RosettaRemodel tracks structures it has built internally. This structure accumulation stage has three different purposes. First, it allows one to use a primary score to collect sorted structures from the full-atom design step following the centroid building step, and subsequently filter or find unions with other criteria as a simple multiple objective optimization tool. Second, the structures collected can be clustered into groups of unique conformations if -use_clusters is set true. The search strategy in this case is to first perform massive random sampling of different regions of the folding landscape by large fragment-based moves, and once the cluster centers are identified, then focus on refining the unique structures by localized sampling. Third, the sorted list of structures will always contain the best answer in the trajectory at a given time. A convenient checkpoint scheme (-remodel:checkpoint) is built into this protocol by maintaining the candidate list on disk.
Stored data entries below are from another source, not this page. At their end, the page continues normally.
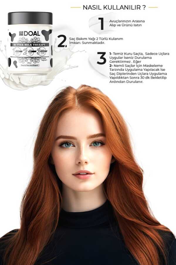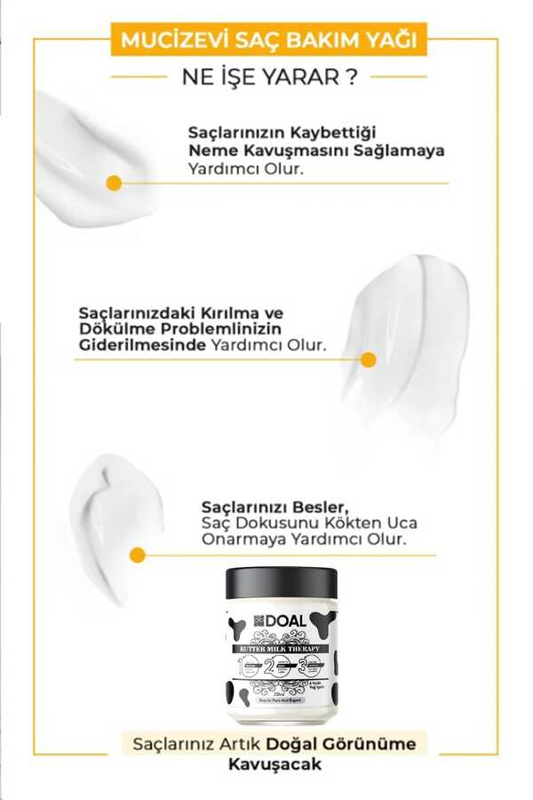 Doal Milk Therapy Butter Mucizevi Saç Bakım Kürü Tüm saç tipleri için özel olarak formüle edilmiş Doal Milk Therapy Butter Yağ İçeren Mucizevi Saç Bakım Kürü, saçlarınızı kökten uca besler, onarır ve yeniden yapılandırır. Saçlarınızın kaybettiği neme kavuşmasını sağlarken, doğal yağ dengesini korur. Doal Milk Therapy Butter Mucizevi Saç Bakım Kürü Etkileri Saçlarınızı besler, saç dokusunu kökten uca onarır. Kırılma ve dökülme problemlerinizin giderilmesine yardımcı olur. Saç derisini iyileştirerek kepeklenme gibi sorunlarınızın kontrol altına alınmasına destek verir. Aşırı ve çabuk yağlanma probleminin azalmasına yardımcı olur. Elektriklenmeyi önler. Saçların kolayca taranmasını sağlar. Doğal saç renginizin korunmasına katkı sunar. İçeriğindeki keratin ile saçlarınızı onarır, sağlıklı ve dolgun bir görünüm verir. Doal Milk Therapy Butter Mucizevi Saç Bakım Kürü Nasıl Kullanılır? Temiz ve kuru saçlarda: Bir miktar Doal Milk Therapy Butter Yağ İçeren Mucizevi Saç Bakım Kürünü avuçlarınızın arasında ısıtın ve saç uçlarına uygulayın. Durulama işlemine gerek kalmaksızın saçlarınızı şekillendirin. Nemli saçlarda: Saç diplerinden uçlara doğru masaj yaparak uygulayın. Ardından en az 30 dakika bekleyin ve saçlarınızı durulayın. Kadın ve erkek için kullanıma uygundur. İlk kullanımdan itibaren saçlarınızdaki gözle görülür değişimi hissedebilirsiniz.
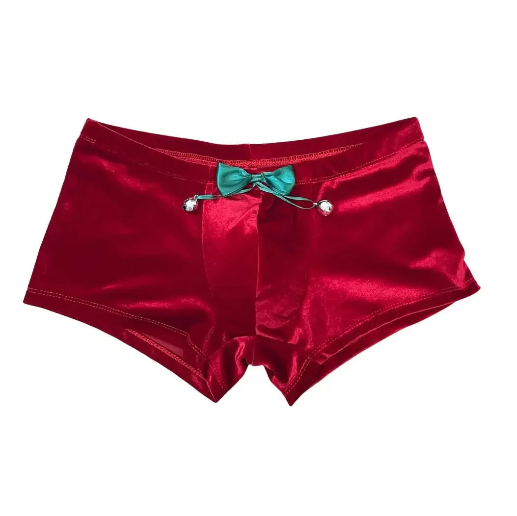Welurowe bokserki w świątecznym stylu, ozdobione zieloną kokardką i małymi dzwoneczkami z przodu. Miękkie i elastyczne zapewniają wygodę, a świąteczny design dodaje im humoru i oryginalności.
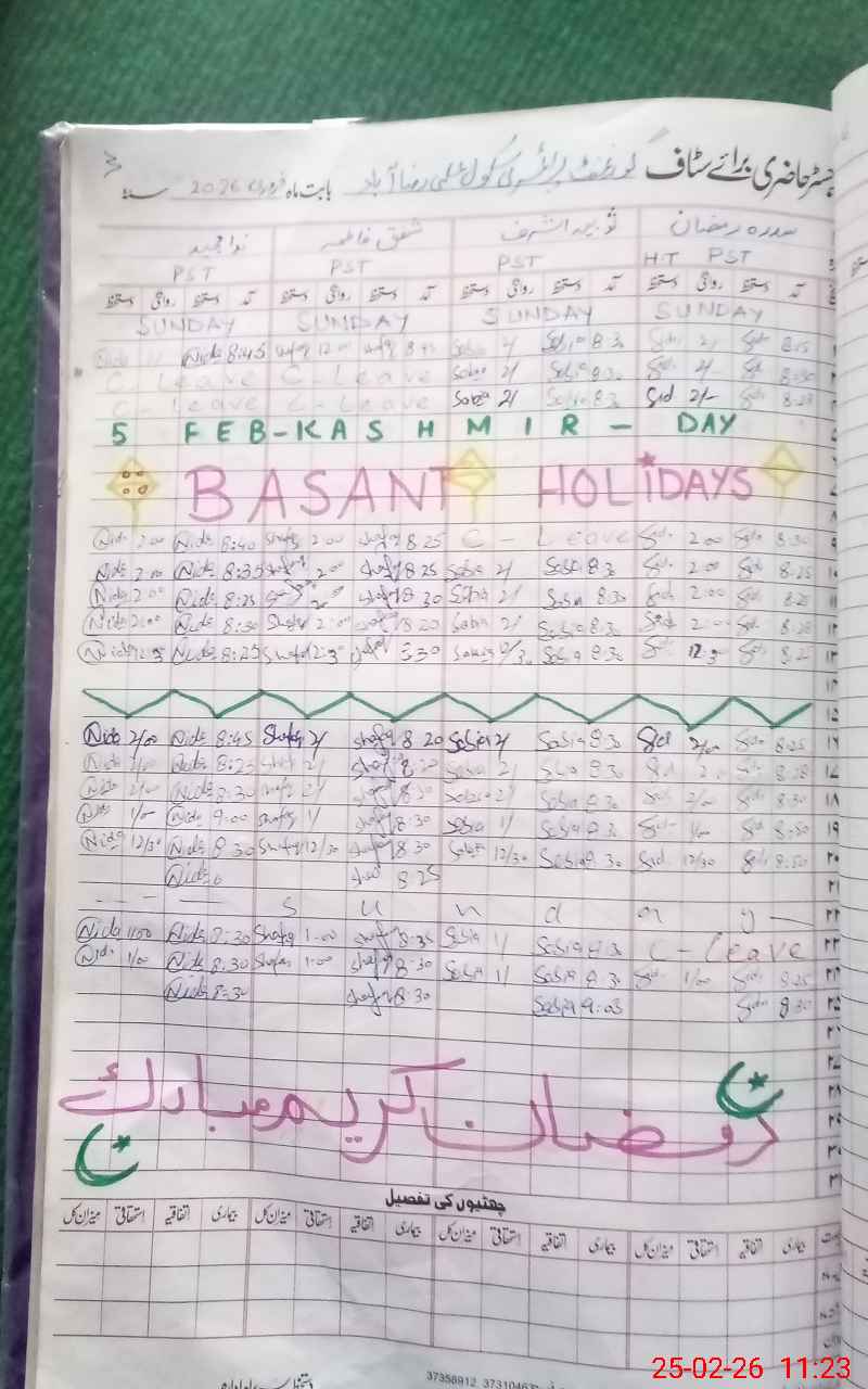 | EMIS Code: 35220162 | Name of School: GPS ALI RAZA ABAD TEHSIL MODEL TOWN | |||
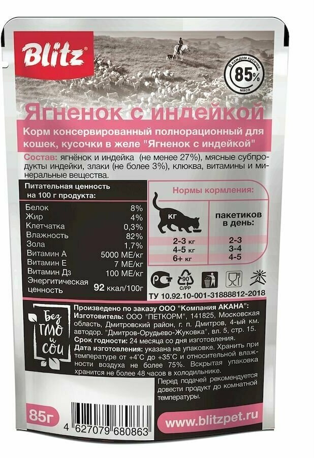 Корм для кошек BLITZ Консервы д/кошек Ягненок с Индейкой в желе пауч 85гр 12шт
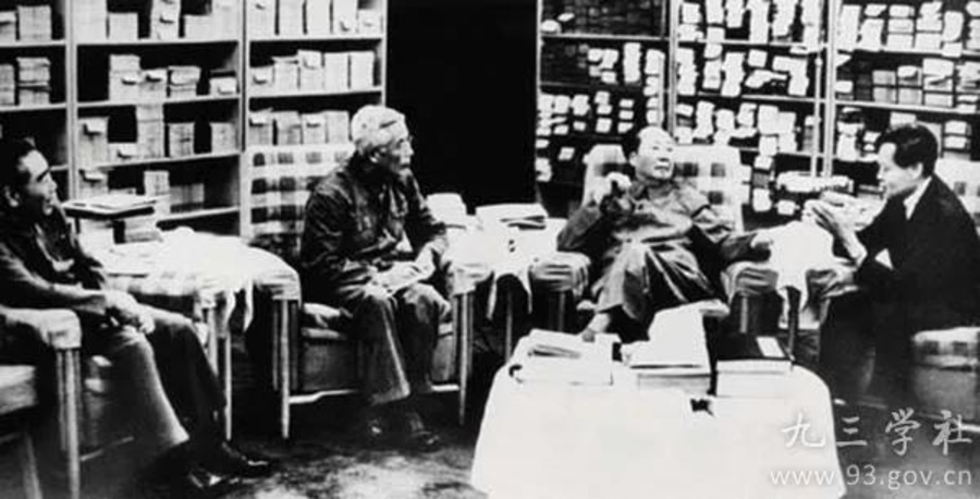 1973年,周培源(左二)陪同毛泽东、周恩来会见杨振宁。
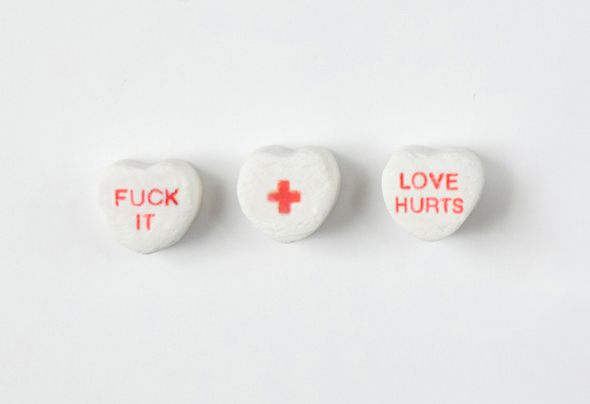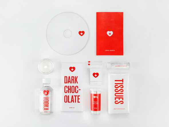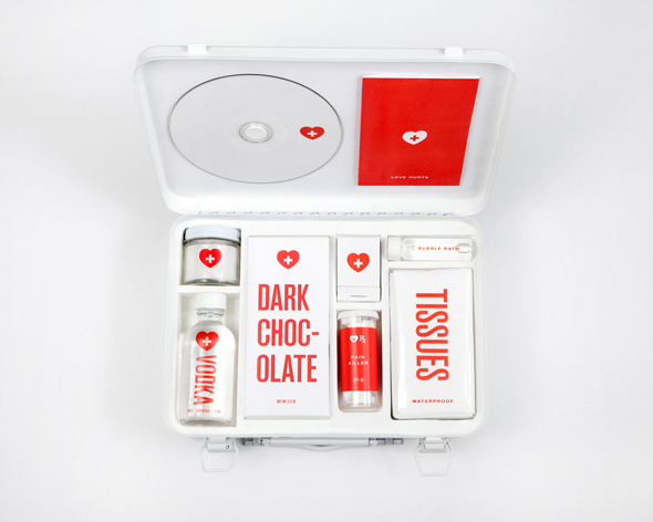 Un kit di pronto soccorso per cuori spezzati, ideato dalla designer newyorkese Melanie Chernock, che afferma che il suo obiettivo è quello di creare opere comunicative, originali e sorprendenti. Love Hurts contiene i prodotti essenziali per superare una turbolenta rottura, cioè cioccolato nero, vodka, sapone di bagno, candele, caramelle a forma di cuore, un CD e se tutto questo fallisce, fazzoletti di carta.

Iterative Design and Refinement Optimization

Models listed in the accumulator from a centroid building stage can be subjected to a number of iterative design and refinement cycles. For speed or other considerations, this can be bypassed by issuing -remodel:quick_and_dirty flag, which will make models only from fragment insertion without fine-tuning the backbone geometry for new sequences. Refinement steps rebuild backbones with either CCD (default) or KIC, and these backbone altering steps are followed by sidechain designs according to user's choices as described previously in Sequence Design section. This cycle iterates three times by default (or more, as specified by -dr_cycles flag with an integer). This iterative design-refinement step, in conjunction with the trajectory accumulator, allows a more focused exploration of the sequence landscape by applying time-consuming refinement only to structures ranking well from centroid stages or cluster centers that are unique in structures.

Extensions and Deletions

Simply adding and subtracting lines from blueprint files will create a new structure that follows the corresponding actions. For examples of extensions and deletions in the blueprint file, see Figure 2, sections 3 and 4. When inserting a residue, a line in the blueprint starting with “0 x” will cause insertion of one residue at the corresponding position in the structure. By assigning secondary structures to the segments and the regions flanking the modified region, one can conveniently alter the length of a protein chain. These are implemented using fragment building as described above

Constraints

RosettaRemodel handles constraint assignments together with length changes in the blueprint file. A separate constraint definitions file used to describe the atoms involved and the geometry required can be generated without specifying the residue positions, therefore allowing the same set of constraint definitions to be used for different designs with varying chain length. RosettaRemodel uses the constraint file format from the Rosetta enzyme design protocol [41], allowing constraints to be specified in up to six degrees of freedom. An example of a constraint file and its corresponding blueprint are given in Figure 3 (a constrained blueprint is also shown in Figure 2, section 5), where two constraint blocks were defined to form a hydrogen bonding pair with distance constraints. In Figure 4A, we showed an example of modeling a sidechain to satisfy an oxyanion intermediate on a cysteine protease active site with RosettaRemodel and constraints.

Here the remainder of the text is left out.